Trevor Manz
Trevor is a researcher and software engineer working on interactive computing tools in Python. He completed his PhD in the HIDIVE Lab at Harvard Medical School, where he developed interactive visualization and analysis tools for biological and AI applications. He created anywidget and contributes to open-source data tooling. Trevor now works at marimo, building a reactive notebook environment for Python. He lives in Brooklyn, NY with his two cats, Laird and Minnow, whom he’s very fond of.
Sessions
This tutorial is for anyone who works with data in Python notebooks. marimo is a reactive notebook that can serve as a personal data environment. Cells run in a deterministic order based on their dependencies, interactivity is built in, and notebooks are self-contained Python scripts you can share, version, and deploy. We start with a tour of marimo: its execution model, interactive elements, SQL, plotting, and sharing. From there, we get practical, composing off-the-shelf UI elements to build interactive tools for your data, then creating your own custom widgets with anywidget when you need something tailored to your workflow.

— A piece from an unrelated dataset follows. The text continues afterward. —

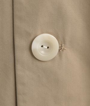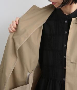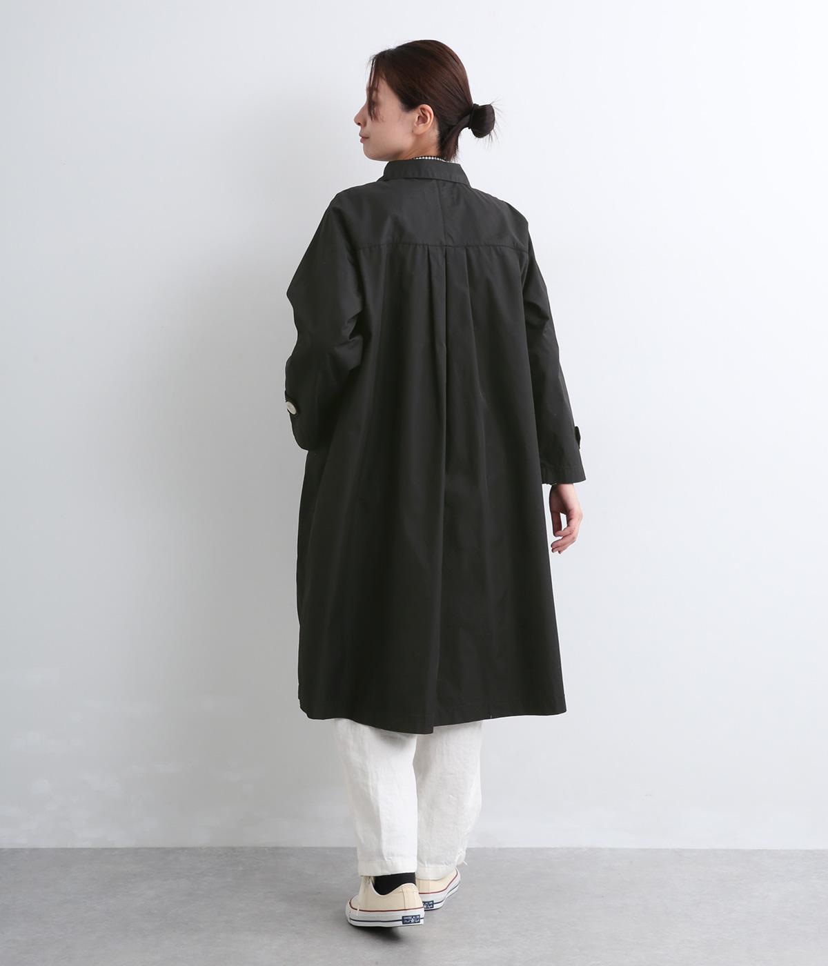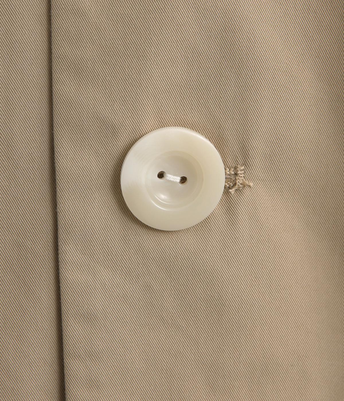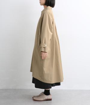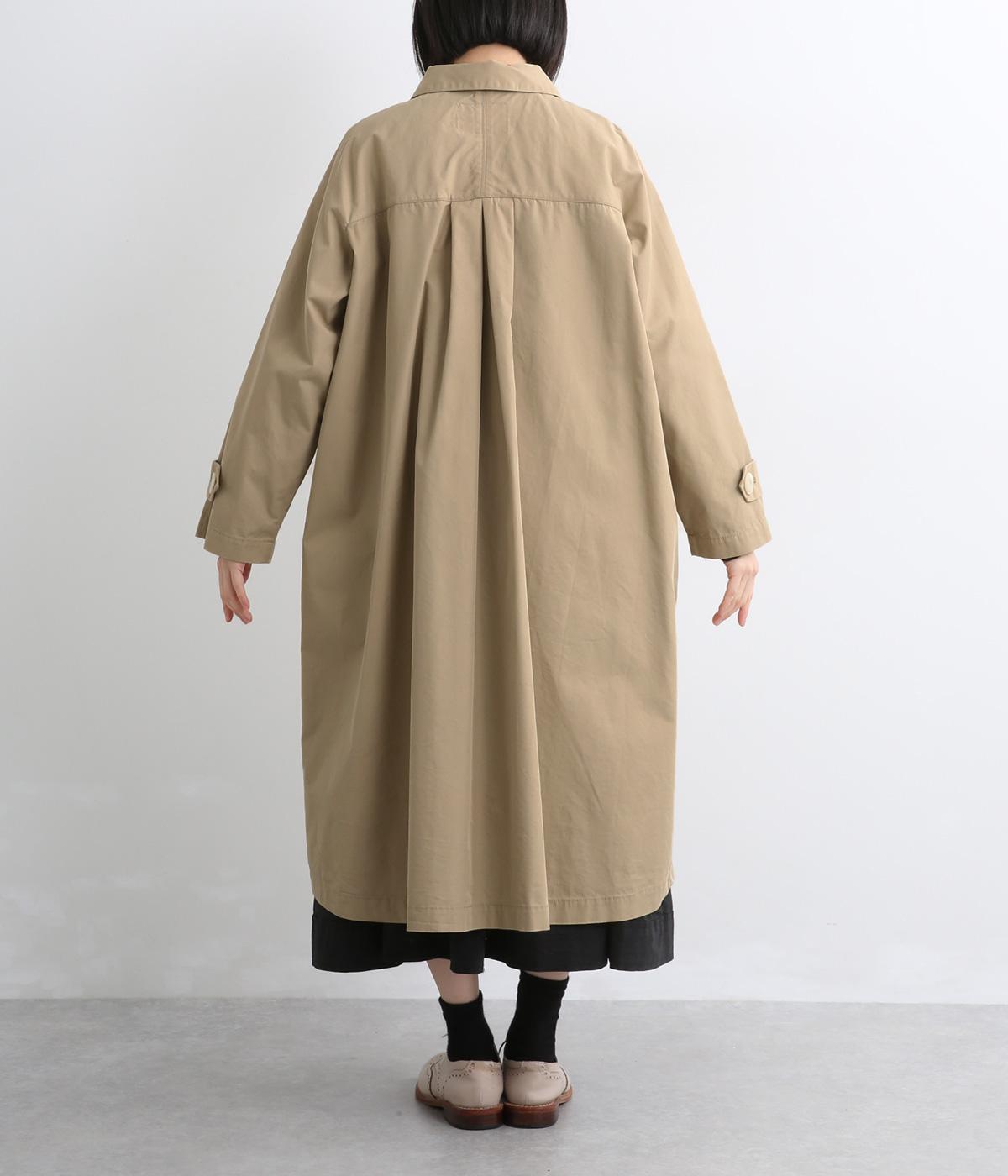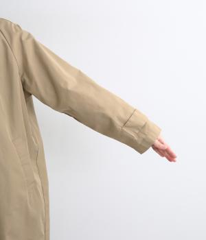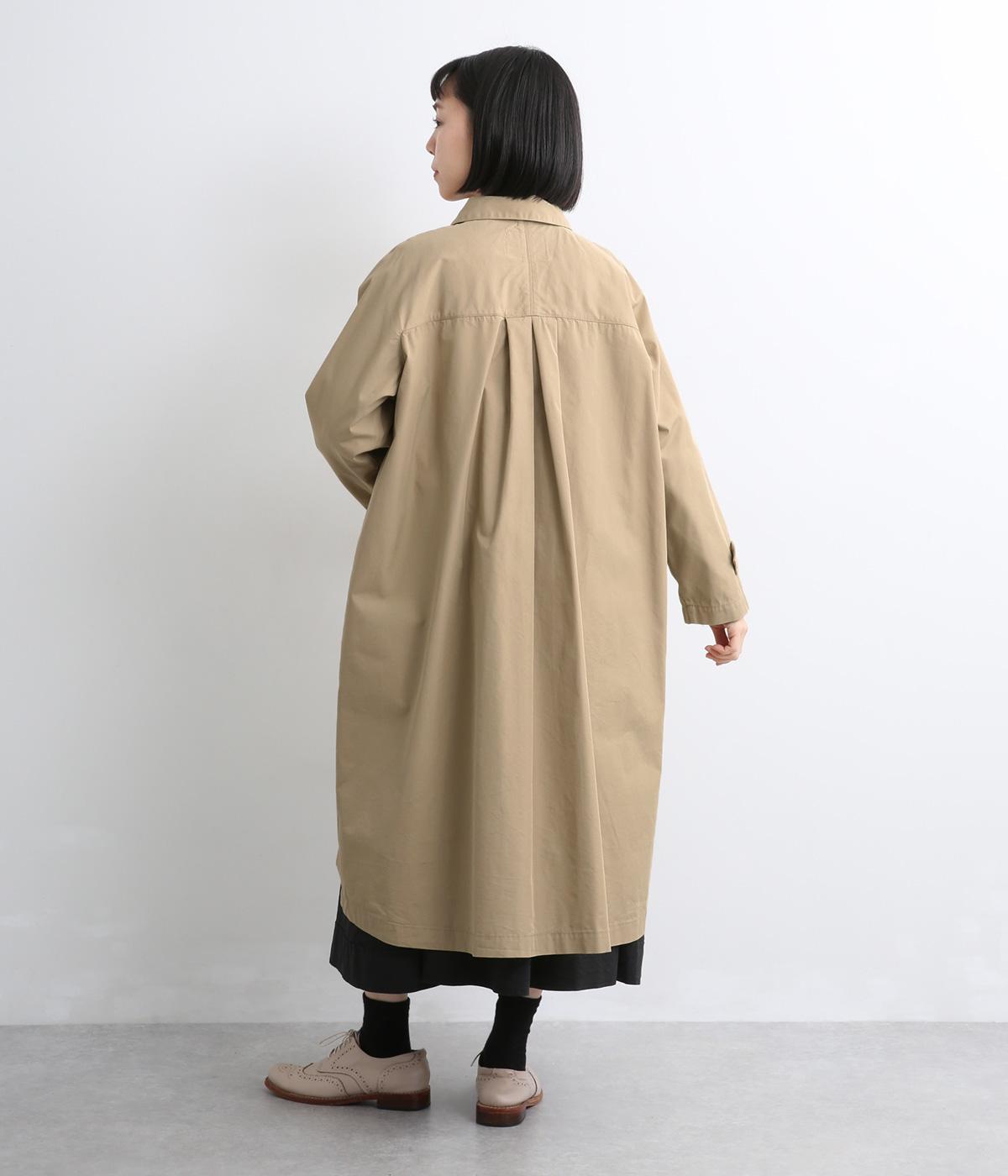 オーソドックスでマニッシュな印象のステンカラーコートにビッグボタンでカジュアルな遊び心を加えました。肩のラインをなだらかに見せるラグラン袖が、かっちり決めすぎずこなれた抜け感に。中に着込みやすいよう後ろタックでゆったりと。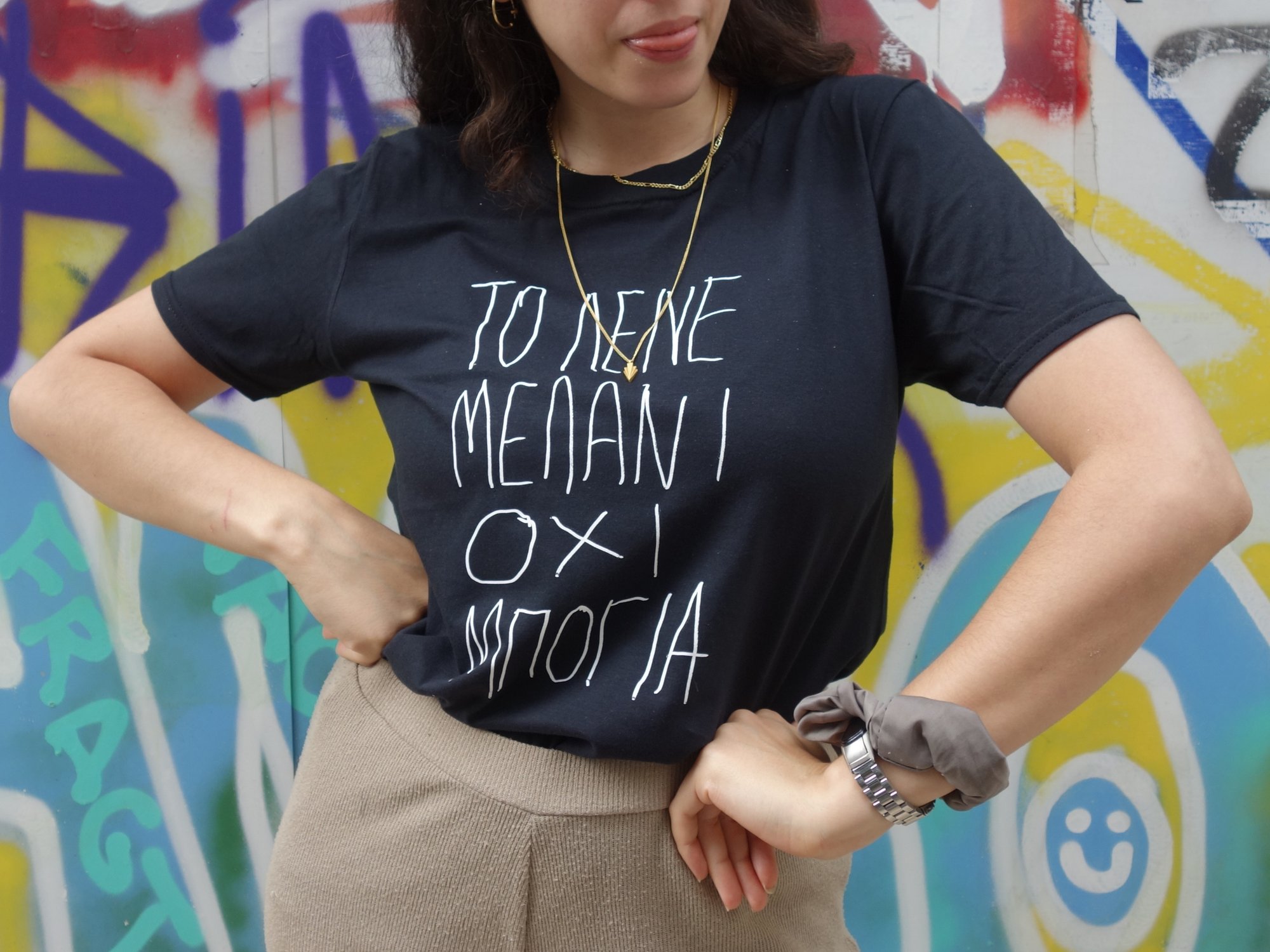 One color discharge screen print with water based ink on 100% Combed Organic Cotton t-shirt by Continental, 155 g. Comes with silkscreen stickers and other goodies.

You're staring at a plot in a notebook. A subset of points doesn't look right. You want to select them, inspect them, understand why. In a traditional notebook, that means stopping to write more code and re-run cells. The exploration becomes an exercise in programming, not insight.
This talk comes in two parts. First, I introduce two primitives: reactive cell execution (marimo) and widgets (anywidget) that bridge Python and the browser. A brush stroke on a scatter plot becomes a Python selection. A slider flows through your analysis.
Second, I build intuition for composing these primitives—from quick explorations to reusable, domain-specific instruments that let you craft the interaction to match your scientific question.